O silêncio no apartamento de Lisa Cuddy era denso, quase sólido, carregado com um tipo de eletricidade estática que fazia os pelos da nuca de Gregory House se arrepiarem. Ele não costumava bater antes de entrar — a fechadura da diretora era pateticamente fácil de burlar com um cartão de crédito ou uma gazua improvisada —, mas, desta vez, o motivo não era uma discussão sobre orçamento ou um diagnóstico impossível.

House estava inquieto. O desmaio de Cuddy no hospital, horas antes, não fazia sentido médico. Os exames estavam limpos. O coração dela estava saudável, mas o terror que ele viu nos olhos dela antes de as pálpebras se fecharem... aquilo não era clínico. Era humano. Era visceral.

Ele entrou mancando, a bengala batendo suavemente no piso de madeira, o som ecoando pelo corredor escuro.

— Cuddy? Se você estiver pelada, avise agora para eu poder ajustar o foco da minha visão — gritou ele, tentando manter o tom sarcástico habitual para disfarçar o nó de ansiedade em seu peito.

Não houve resposta. Apenas o som abafado de uma conversa na sala de estar. House franziu o cenho. Seus instintos, afiados por décadas detectando mentiras e anomalias, entraram em alerta máximo. Ele avançou devagar, a dor na perna esquerda latejando a cada passo, até chegar à entrada da sala.

Lá estava ela. Cuddy parecia uma estátua de cera, pálida e rígida. E ao lado dela, um homem que House nunca tinha visto, mas que instantaneamente odiou. Ele era alto, de aparência polida, mas com um brilho nos olhos que House reconhecia bem: o brilho de quem gosta de exercer poder sobre os outros.

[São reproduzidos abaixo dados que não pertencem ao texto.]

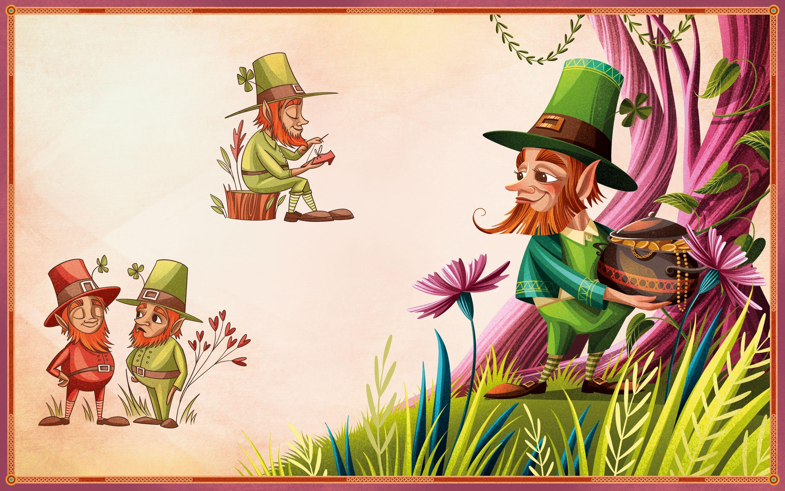 Lots of legends revolve around them. The most famous one concerns the pot of gold that leprechauns love to hide at the end of the rainbow (and that everyone would like to find!). These creatures are always on the move and they’re also a little mischievous (actually, a lot!). They’re even very funny. No one knows what their houses look like, but they’re sure to be full of pots and pans and fantastic treasures.
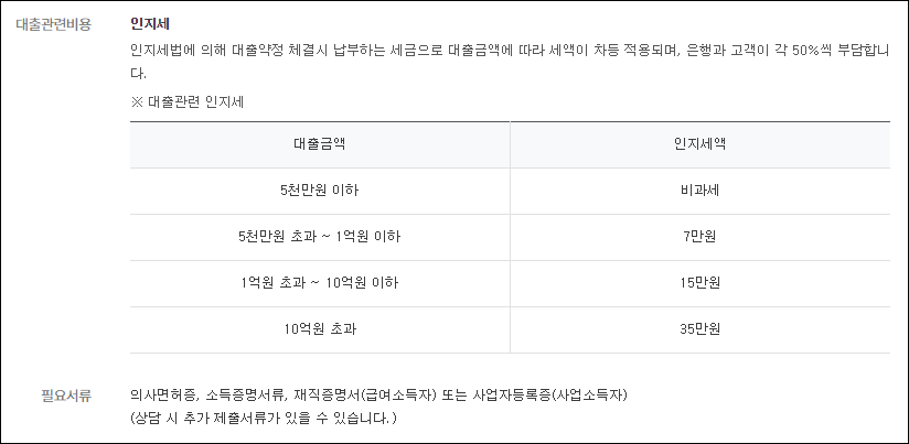 이용금액에 따라 인지세 부과여부가 나뉘며 5천만원 초과할 경우 은행과 고객이 각각 50%씩 부담해야 되며 최소 7만원~최대 15만원까지 부과될 수 있습니다.
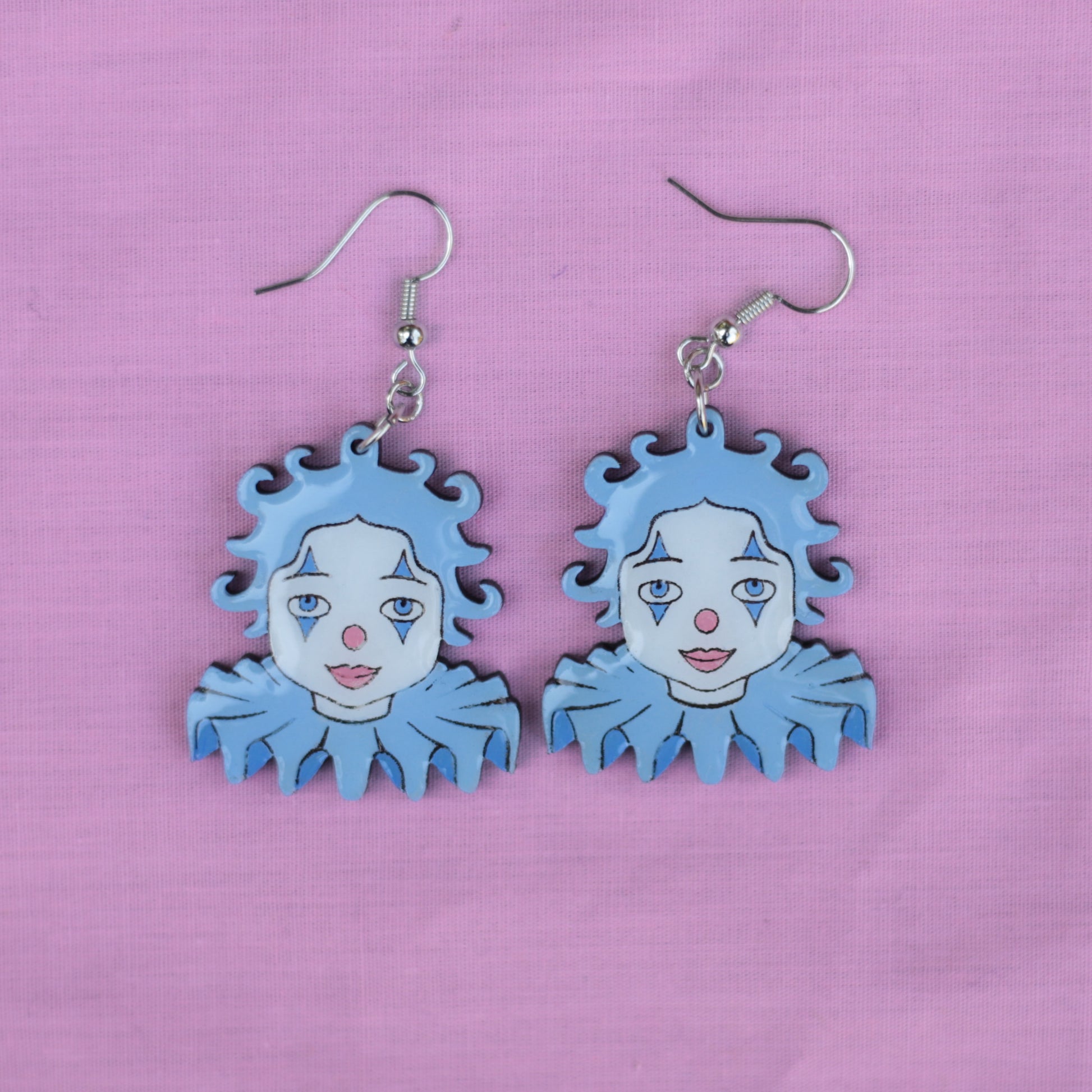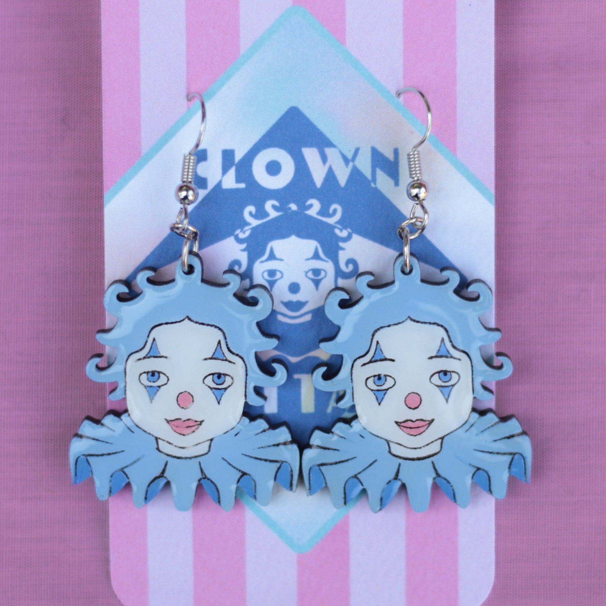 These beautiful clown earrings are made using laser-cut MDF, acrylic paint, resin, and nickel-free metal ear wires.
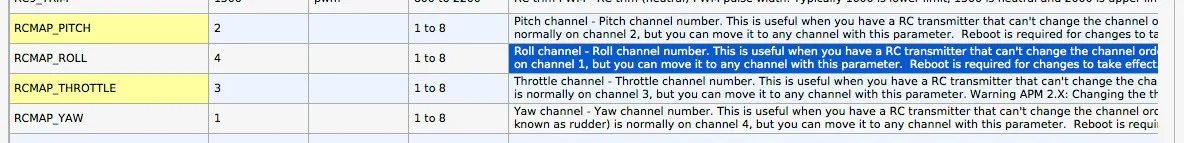 This will allow the values from the transmitter to pass-through the PixHawk. Connect the gimbal’s RC_PITCH and RC_YAW to channels 6 and 7 in the OUTPUT pin group. I also connected channel 8 to the RC_ROLL channel, however I’ll be using this to control the gimbal mode, not the roll, see the configuration below.
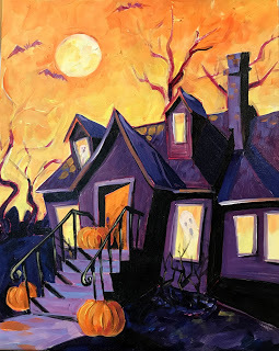 My painting students asked if I ever did anything creative, since I teach them still lifes. I told them I prefer it, and said we should do one next week. They all shuddered in horror at the thought of doing something creative with paint. So I decided to compromise. This is my house, but not my house. They have to bring pictures of their own house, and get all Halloween with it. They have a model, so it shouldn't be too overwhelmingly creative... or at least that's what I'll tell them (I feel like I should cackle gleefully).
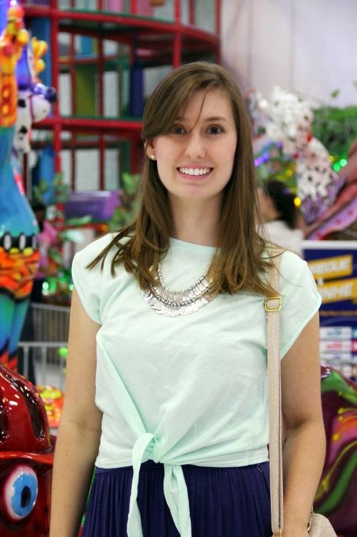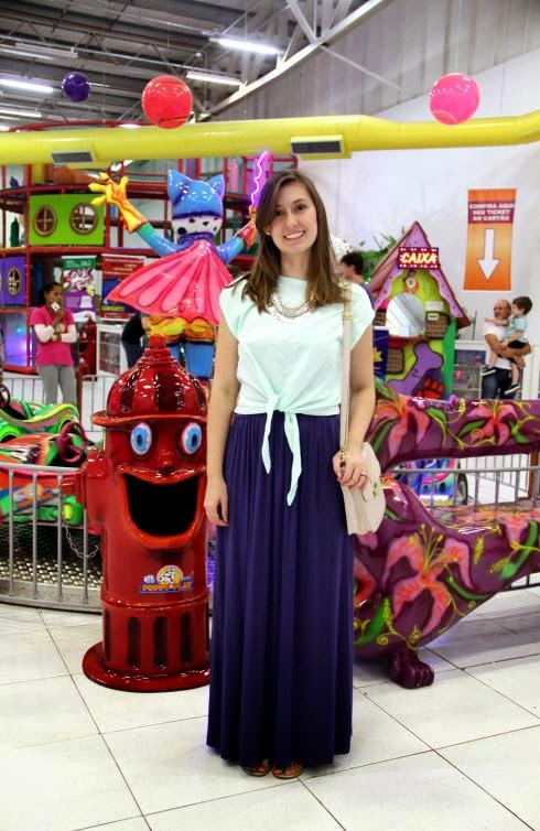 Como era um dia meio friozinho optei por algo longo, este vestido acabou virando uma saia, e usei com esta blusa de nózinho bem fofa e um colar super gypsy de moedas.

Mark. O nome que ele ouvira Cuddy sussurrar em um delírio febril anos atrás. O fantasma que, agora House percebia, nunca tinha realmente deixado de assombrá-la.

Assim que Mark notou a presença de House, um sorriso predatório se espalhou por seu rosto. Ele não recuou. Em vez disso, deu um passo para mais perto de Lisa, envolvendo a cintura dela com um braço possessivo.

— Lisa, querida, você não me disse que teríamos visitas — disse Mark, a voz aveludada e carregada de uma falsa cortesia que fez o estômago de House revirar.

Cuddy estava paralisada. Seus olhos encontraram os de House por um breve segundo — um pedido de socorro silencioso que o médico captou instantaneamente.

— Eu sou o médico dela. E também o cara que sabe exatamente como se livrar de lixo doméstico — disparou House, apertando o cabo da bengala. — Quem é o Ken de vitrine?

Mark riu, um som seco e sem humor. Ele olhou para House com desdém, notando a bengala e a postura curvada.

— Eu sou o passado da Lisa. E, pelo que parece, o futuro também. Não é, meu amor?

Antes que Cuddy pudesse reagir, Mark a puxou para si com uma força desnecessária e a beijou. Não foi um beijo de afeto; foi uma marcação de território. Foi um ato de agressão disfarçado de romance, executado especificamente para que House visse.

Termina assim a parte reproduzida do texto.